48 hours blackout

Christopher Meneses Lopez

#3765410

[What happened during your news blackout?]

In examining the extent to which broadcast media informs our daily decision making processes and how the mass dissemination of information underpins our daily activities, in consciously isolating myself from otherwise ubiquitous outlets of news telecast and broadcasting, I’ve come to understand that there is this stark duality that is present at the epicenter of this endeavor. Though sheltering oneself from the ceaseless bombardment of information may yield positive results given the acquisition of a renewed perspective as a direct consequence of “partial solitude,” it can also contrive sentiments of alienation and estrangement from one’s greater surroundings. Concisely put, as a collective, those in the vicinity of contemporary media have at their disposal a seemingly innumerable amount of sources pertaining to what is happening in the world, yet, with this excess of information, we may find ourselves feeling somewhat desensitized and apathetic about the events that transpire around us. [How do these insights relate to the points that Deresiewicz raises in his essay?] 

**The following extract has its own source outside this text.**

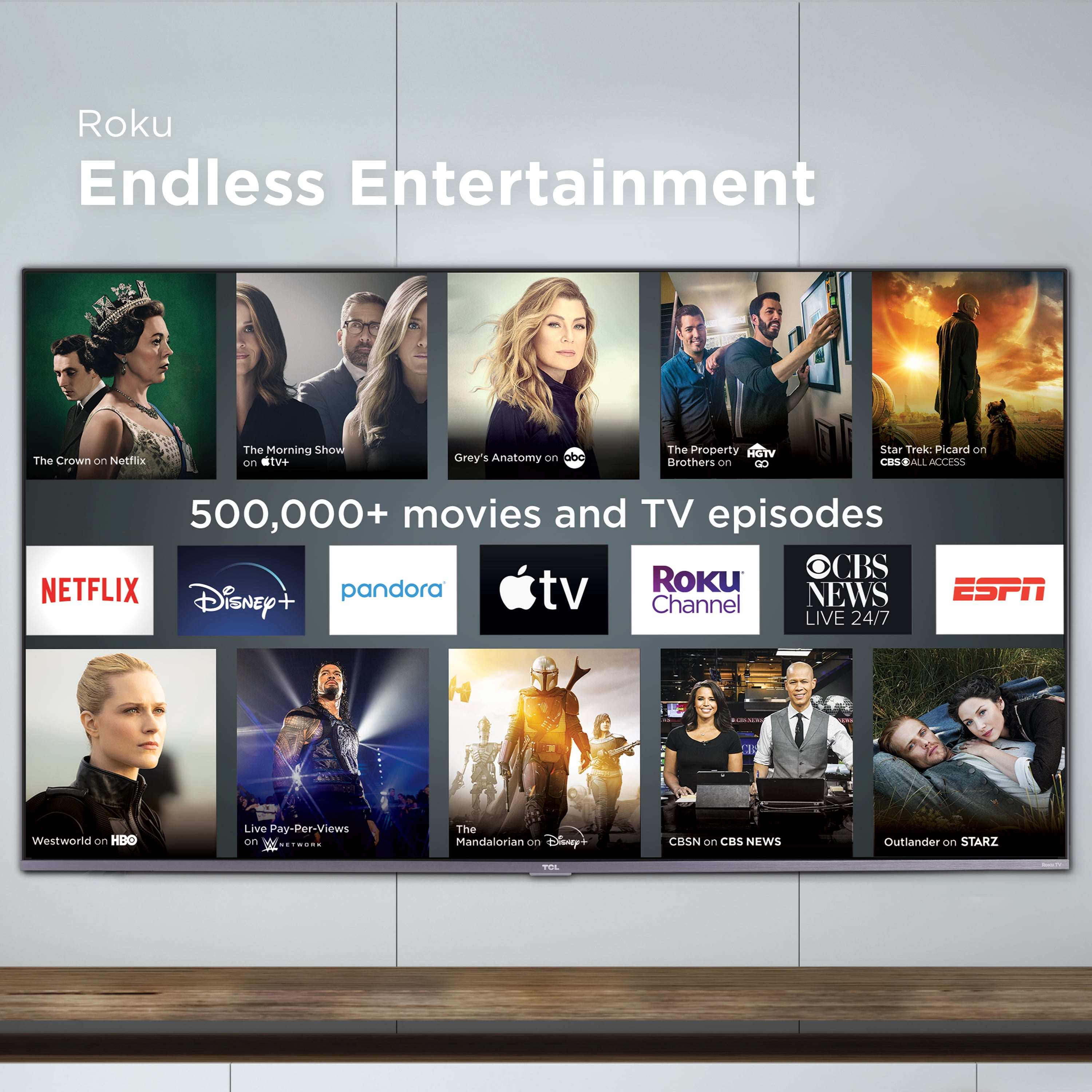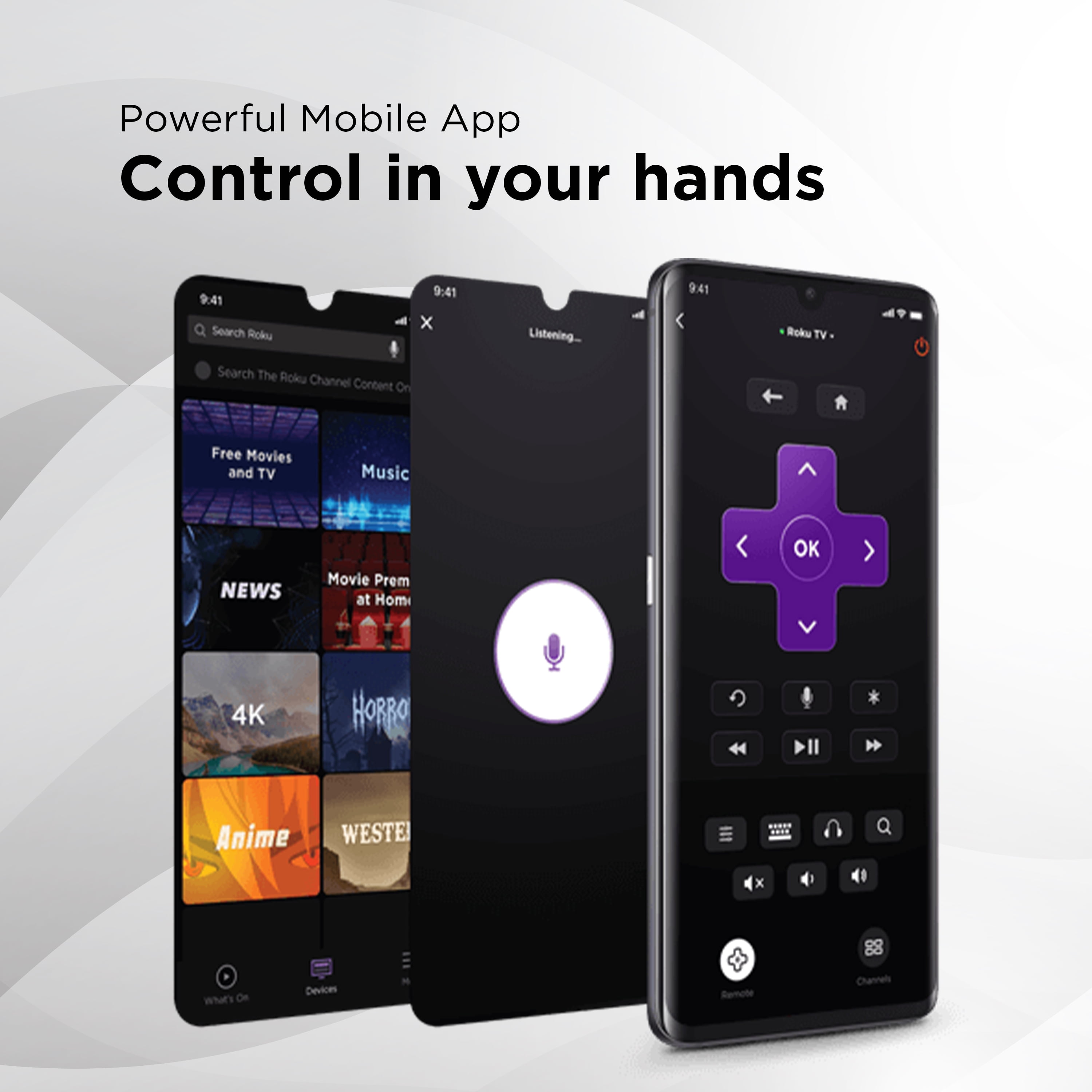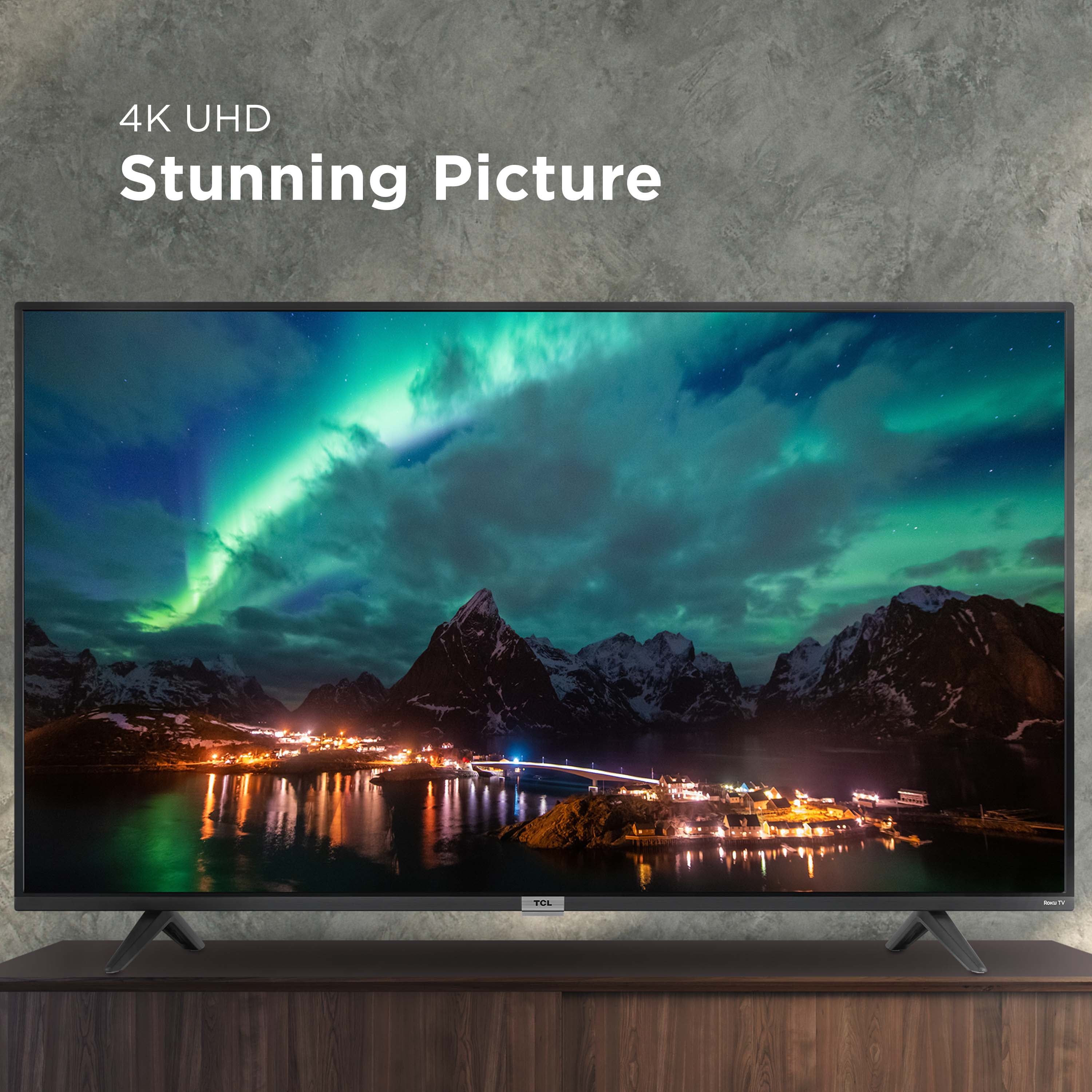 Stunning 4K Ultra HD: 4K resolution delivers stunning detail and a remarkable visual experience. High Dynamic Range: HDR delivers bright and accurate colors for a lifelike viewing experience. Thousands of Streaming Channels: Enjoy the over 500,000 movies and TV episodes available to stream plus sports, news, music, kids and family, food, science and tech, fitness, foreign language and so much more. Easy Voice Control: Find movie titles, launch or change channels, even switch inputs, using just your voice. Access to voice control feature available through the Roku mobile app, compatible third-party voice assistant devices and voice-enabled remote controls that can be purchased separately. Works with both Amazon Alexa and Google Assistant. Simple, personalized home screen: Your favorite broadcast TV, streaming channels, gaming console and other devices are front-and-center. No more flipping through inputs or wading through complicated menus. Like apps on a smartphone, all your favorites are at your fingertips from the instant you turn it on. Cord Cutting Made Easy: Cord cutters can access free, over-the-air HD content thanks to the advanced digital TV tuner with live channel guide or watch live TV from popular cable-replacement services like YouTube TV, Sling, Hulu and more. Advanced Digital Tuner with Live TV Channel Guide: Easily browse and enjoy 100+ live channels with news, sports, cooking, lifestyle entertainment, and more. Add an HDTV antenna to see your local network channels and free streaming channels all in one place. Easy-to-use remote: The super-simple remote—with about half the number of buttons on a traditional TV remote—puts you in control of your favorite entertainment. 11ac Dual-band WiFi & Ethernet port: Get fast and easy access to your favorite content with the dual-band WiFi connection or plug into the Ethernet port. 4 HDMI inputs (1 ARC): Connect all your favorite devices through the four HDMI inputs that 1 HDMI ARC to easily sync audio and video sources and deliver better quality sound. Premium design: A black finish and quad pedestal stand lend style and sophistication to your home theater. Roku Search: Easily search across top streaming channels by title, actor, or director—all from one place—with Roku Search. Free Roku remote app: Transform your smartphone or tablet into a full-function Roku remote with voice control, the ability to browse or add new channels and evenenjoy TV audio on headphones connected to your mobile device for private listening.

Likewise, within contemporary society, we are currently experiencing the collapse of space and time in that the seemingly instantaneous dissemination of information has effectively obscured the role of distance and separation in our daily interactions. Given that the public and private spheres we have come to collectively acknowledge as disparate social spaces have gradually amalgamated into this intangible social space, we can no longer clearly delineate where the distinction between our own personal conceptions ends and where popular perception begins. Within highly interconnected social context, we are invariably influenced by what we see in the media because it is our primary connection to the places we cannot readily perceive given their physical and social distance from our own immediate environment. In alienating one’s self from popular media, there is this almost instant anxiety that sets in from not knowing what is going on around us, in a very significant sense, we have been conditioned to feel as though we “need” to know what is going on around us in order to properly behave. Likewise, there is also the indelible impact social media and mediums such as the Internet have on our personal identities. [How do these insights relate to the points that Deresiewicz raises in his essay?] 

Though we may take comfort in this conception of our internal life as belonging exclusively to us, the external lens of our onlookers through social media has increasingly influenced this intimate understanding of our own autonomous identity. William Deresiewicz, in his poignant piece entitled “The End of Solitude” (2009), he examines the aforesaid notion of self-reflexive contemplation wherein we no longer understand ourselves outside of the public persona we portray on social media. Deresiewicz succinctly expounds upon this idea of validation via the lens of others on social media and how the advent of popular “celebrity” accompanied by the growing interconnectivity as promoted by technological modalities has altered our introspective faculties. [Organize your writing: new idea, new paragraph] Moreover, he argues that, due to this unprecedented degree of “visibility” within our social interaction, physical or technological, there is this extrication of what he describes as “solitude.” Here, solitude denotes the individual’s capacity to properly operate outside of the public sphere; essentially, it is this idea that solitude has been obviated from our daily lives and this has had significant consequences for our individual understanding of self. [Organize your writing: new idea, new paragraph] At the epicenter of his piece, similar to the general purpose of this exercise, there is this focalizing question of individuality, autonomy, anonymity, and connectivity; have we lost the ability to understand ourselves without the validation of others? Have we willing denied ourselves of the inherent virtues of solitude? Though these questions have no real, simple answer given their probing nature, something has changed amongst us, the way in which we understand ourselves and the world around us is now mediated by a mass communication. Henceforth, what this means for us as a collective, in the long run, is up to debate. [Organize your writing: new idea, new paragraph] In this exercise, I have learned that diverting one’s attention form what essentially constitutes our identity introduces a conventional insight that we may be slowly losing, that we can only truly understand ourselves once we step back and assess our own personal motivations, desires, and actions.